百戰沙場碎鐵衣。
唐軍的刀陣作為正面硬杠的主力,經受了山豬的衝撞和飛獸的俯衝,唐軍已經沒有一塊完整的盾牌了,陌刀手已經折損過半。
弩手雖然有同伴的護衛,但在那扇動著黑色蝠翼的魔種將領所統率的無數飛獸群一輪輪衝擊之下,也已經有三分之一的弩手死傷。
輜重車隊的馱馬拉著大車分成幾個區域駐守著,避開了穿地獸肆虐的場地,大車上已經快要躺滿傷兵了。
本以為可以碾壓魔種的戰鬥卻是空前的慘烈。
戰鬥仍在膠著之中,任何一方都看不到勝利的曙光。
以豬剛鬣為首的三位魔種將領為核心的魔獸群幾乎要打穿唐軍的兩列陣線了。
直面這三個恐怖魔種將領的唐軍數個戰鬥大隊遭到無情的屠戮:隊頭、旗手、護旗兵、盾牌兵、陌刀兵、長矛兵、弓箭手和弩手,直到最後的隊副,幾乎全部成了碎裂的屍體,唐軍的陣型就要被中央突破了。
李信親統的唐軍鐵騎也幾乎衝垮了魔獸們,大半猛狼都被衝鋒的騎兵消滅了。
猛狼是魔獸中給人類士兵造成最大傷亡的野獸,但它們在面對騎兵成排的馬槊時幾乎沒有抵抗能力。
長著兩隻巨大犄角的魔種將領不得不調來部分山豬和飛獸,才勉強阻住了唐軍的騎兵衝鋒。
李信已經率領著騎兵們又兜轉過來,這一次他準備向著已突入唐軍刀陣中央的那群魔獸們和它們的三個魔種將領發起衝鋒。
步騎合戰,將它們反包圍起來,殲滅它們,為這場玉城腳下的人類與魔種的大戰劃上句號。
然後拿下玉城,殺盡殘留的魔種余孽,搗毀重生之玉,填平那些礦坑,終結這一次的魔種之亂。
雖然代價不小,但自古都是一將功成萬骨枯,此役之後,唐軍將威震西域,而李信將是當世最璀璨的將星。
鏖戰了這麽久,看來魔種的家底都已呈現在這戰場上了,唯一令李信不安的,就是魔種背後那股神秘的操縱力量。
這股力量他幾乎一無所知,但卻並不陌生。
因為早在這次戰鬥之前很久,他就在玉城的礦坑之中與這股力量相遇過,正因為有過遭遇,李信知道這股力量很強,是深不可測的強大。
不祥的預感讓李信感覺恐懼,他把這恐懼深深的埋入心底,隻想拚盡全力盡快在這絞殺的戰場上壓倒眼前的敵人。
只有勝利,不斷的勝利,才能讓他最終打敗眼前的敵人,還有長安城裡正對他虎視眈眈的那些人,為首的就是他稱之為母后的那個女人。
他要用勝利積累起軍功和聲望,最終達到這樣一種程度,那時是沒人能夠再降罪於他,他成為大唐新的軍神。
他承受的毀譽已經太多了,沉重到他已自認為此生唯艱,了無生趣。
無數個淒涼的夜晚,他即使在庭院中狂舞闊劍直到全身大汗淋漓幾近虛脫卻也無法讓自己入眠。

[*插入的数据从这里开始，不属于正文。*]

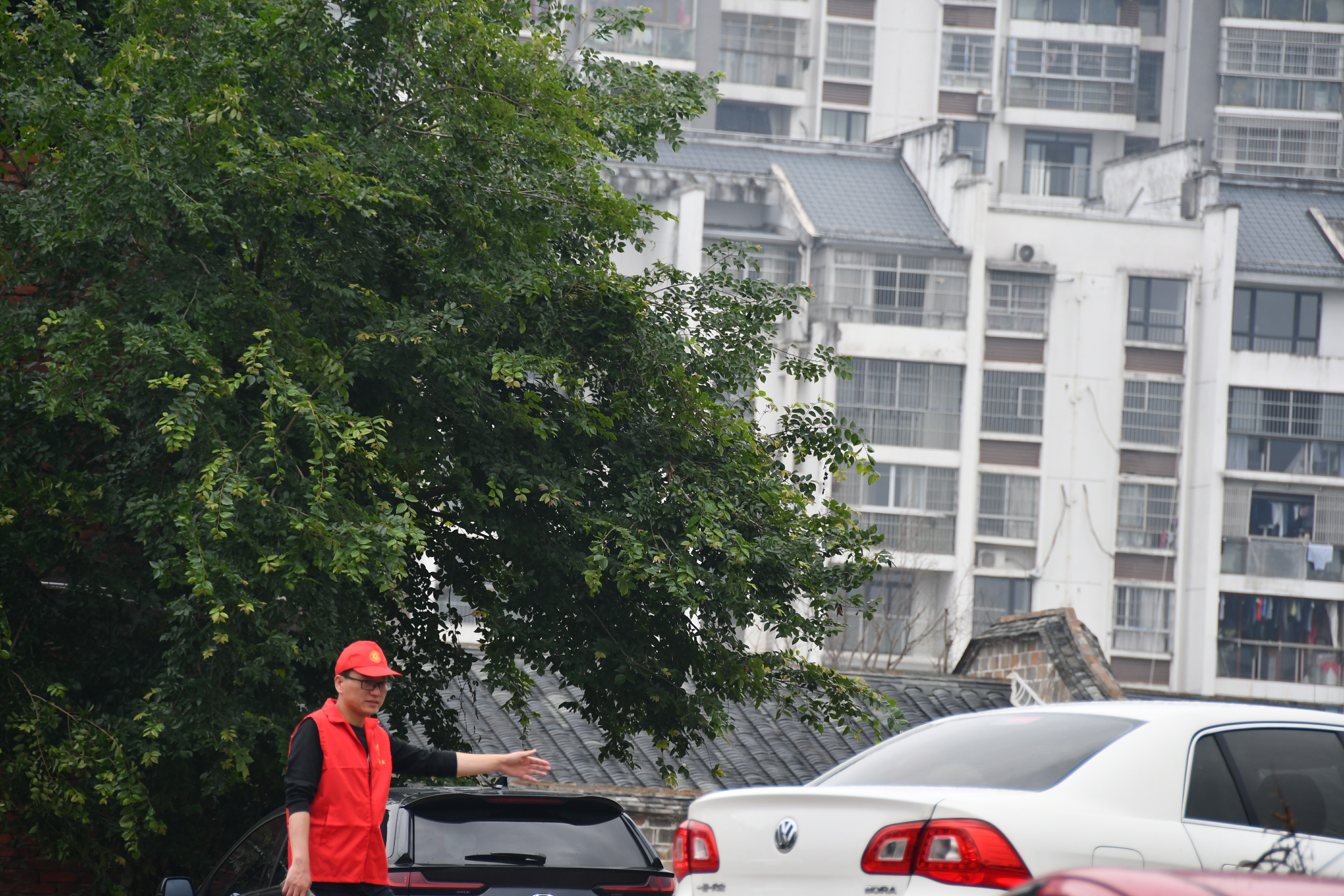“五一”小长假的东门古街,各类文旅活动精彩纷呈,游人如织。身穿红色马甲的志愿者在东门古街周围多个停车点定岗维持秩序,指挥过往车辆减速慢行,引导车辆有序停放,热情地为过往司乘人员提供行车路线指引,以实际行动为本次艺术节增添一抹最靓丽的志愿红。

後來,他發現只有沉浸在《後漢書》考究的注解文字中時,他才能讓自己心底寧靜下來。
撫著自己的作品,任思緒穿越,只要能讓他忘卻眼前的現實就好,他就是靠著這種法子熬過了在長安城內像囚徒一樣被幽禁的日子。
直到他從玉城的少領主口中獲得了玉城坑道的秘密,他的直覺告訴他,命運轉圜之機來到了。
他立刻安排拜訪了玉城領主,度過了白天無聊又虛假的客套之後,到了夜晚,
他一身黑衣摸進了礦坑。 正是在那裡,他聽到了那個聲音,他第一次感受到那種力量,他毫不猶疑的接受並擁抱了這股力量,即使那聲音在他耳畔輕聲低語,告誡他要慎重,凡是索取,必有代價。
這道理他當然懂,他能在長安脫困,也是和一個人做了交易的結果,只要還有被利用的價值,他就有交易的籌碼。
他早已視自己為一無所有,偏還有些心計深沉的人認為他有用,願意與他建立聯系並勾兌交易。
既然這樣,願者上鉤好了,他已經不懼怕,準確的說是不在乎,答應對方的條件。
他在這個世界已經失敗了,因此他不介意墮入一個更黑暗的世界中,也許,其中蘊藏著命運的轉機呢。
所以,當那黑色的絲狀物噝噝的穿透他的掌心,順著血脈抵達他的心臟,他在巨大的眩暈中感受著體內的巨變,竟然沒有絲毫的恐懼不安,相反,體內奔騰洶湧的強大力量讓他狂喜,終於有了掌控自己命運的資本。
他握緊了拳頭,指縫中黑血滴落。
有那麽一刻,他意識到自己瘋了。
換了誰能不瘋呢?
擁有他那樣高貴的血統,又有名滿天下的聲譽。因為那個女人的存在,宮裡宮外到處流傳著關於他真實出身的各種謠言;家奴被收買,指認他謀反;整個長安城都在嘲笑他的癖好;他被剝奪了這個強大中央帝國的皇位繼承權;他的追隨者們或死或貶,僥幸保全自身的都選擇了背叛他;他還是個被妻子休掉的男人。
整個世界都與他為敵。
一個裝神弄鬼,故弄玄虛的方士都比他有更高的地位,更大的權力,更容易被信任。
那方士來拜訪他時,自信的聲稱可以幫他。
方士的風度優雅,態度恭謹,禮數周到,一切表象的背後是對他處境的嘲弄,他在踏入他的陋室那一刻起,不,這家夥掌握的情報讓他很早就在謀定而動了,他當然知道,無論他的條件是什麽,這個落魄的前太子都只能接受。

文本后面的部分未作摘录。